Directions for this task: Pictures stay out of this copy, which runs from the first line of the material through the line containing "鱼护架部分:鱼护架稍微复杂一".

Information shown:

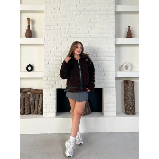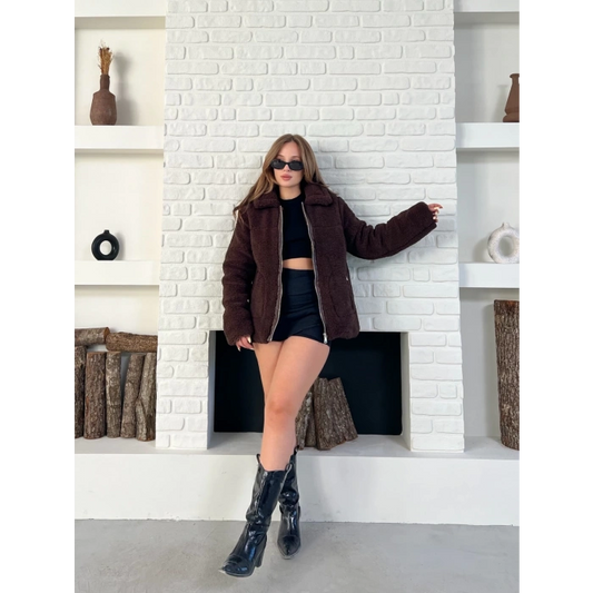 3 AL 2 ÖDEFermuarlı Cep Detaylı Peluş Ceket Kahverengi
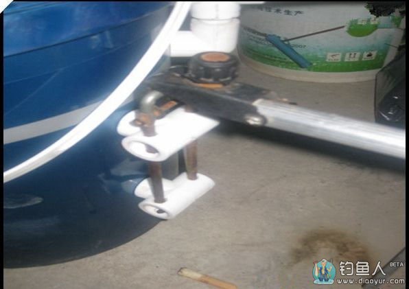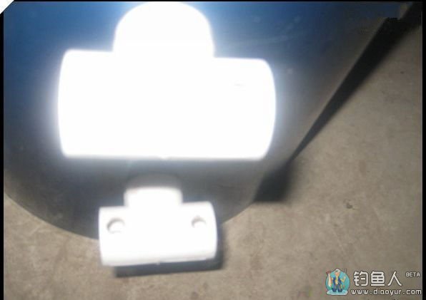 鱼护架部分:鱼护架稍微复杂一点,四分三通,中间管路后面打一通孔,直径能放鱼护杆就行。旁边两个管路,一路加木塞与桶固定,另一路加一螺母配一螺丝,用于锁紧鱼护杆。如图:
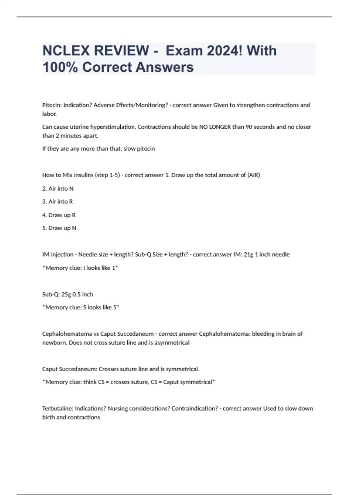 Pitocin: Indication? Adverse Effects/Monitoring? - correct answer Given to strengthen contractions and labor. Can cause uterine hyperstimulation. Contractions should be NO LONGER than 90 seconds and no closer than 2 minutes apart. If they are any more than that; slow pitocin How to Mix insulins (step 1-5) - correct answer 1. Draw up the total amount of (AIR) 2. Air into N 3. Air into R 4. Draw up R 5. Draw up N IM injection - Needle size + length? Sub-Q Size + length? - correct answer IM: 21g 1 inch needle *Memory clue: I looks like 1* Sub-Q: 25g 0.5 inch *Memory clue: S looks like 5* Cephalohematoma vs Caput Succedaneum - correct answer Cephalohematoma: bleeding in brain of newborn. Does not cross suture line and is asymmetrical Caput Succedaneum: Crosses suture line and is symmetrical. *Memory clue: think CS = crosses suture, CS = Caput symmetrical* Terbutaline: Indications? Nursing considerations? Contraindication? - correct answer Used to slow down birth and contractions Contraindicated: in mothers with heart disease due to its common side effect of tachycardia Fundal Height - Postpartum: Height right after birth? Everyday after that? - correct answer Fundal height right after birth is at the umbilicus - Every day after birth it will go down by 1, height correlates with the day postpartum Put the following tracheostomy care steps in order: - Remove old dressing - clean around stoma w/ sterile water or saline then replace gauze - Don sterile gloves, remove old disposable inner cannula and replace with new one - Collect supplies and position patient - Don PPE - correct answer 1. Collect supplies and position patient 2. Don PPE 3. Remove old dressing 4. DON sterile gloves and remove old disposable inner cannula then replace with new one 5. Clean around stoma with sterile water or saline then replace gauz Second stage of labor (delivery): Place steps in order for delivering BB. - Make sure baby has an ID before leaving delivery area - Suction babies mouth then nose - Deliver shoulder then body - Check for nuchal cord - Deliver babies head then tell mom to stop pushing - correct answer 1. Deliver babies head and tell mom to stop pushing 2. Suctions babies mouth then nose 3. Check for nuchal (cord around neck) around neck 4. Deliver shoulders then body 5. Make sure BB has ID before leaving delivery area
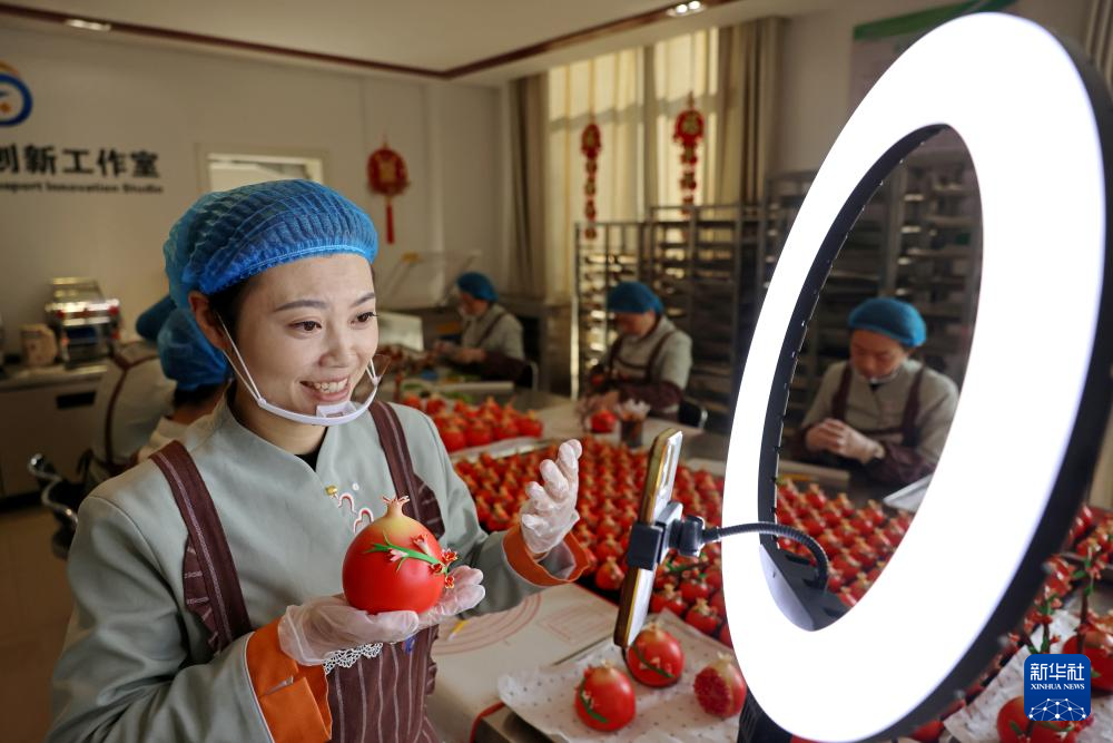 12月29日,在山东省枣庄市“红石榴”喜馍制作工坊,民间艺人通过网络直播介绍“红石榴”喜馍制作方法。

Answer to this problem:
 3 AL 2 ÖDEFermuarlı Cep Detaylı Peluş Ceket Kahverengi
 鱼护架部分:鱼护架稍微复杂一点,四分三通,中间管路后面打一通孔,直径能放鱼护杆就行。旁边两个管路,一路加木塞与桶固定,另一路加一螺母配一螺丝,用于锁紧鱼护杆。如图:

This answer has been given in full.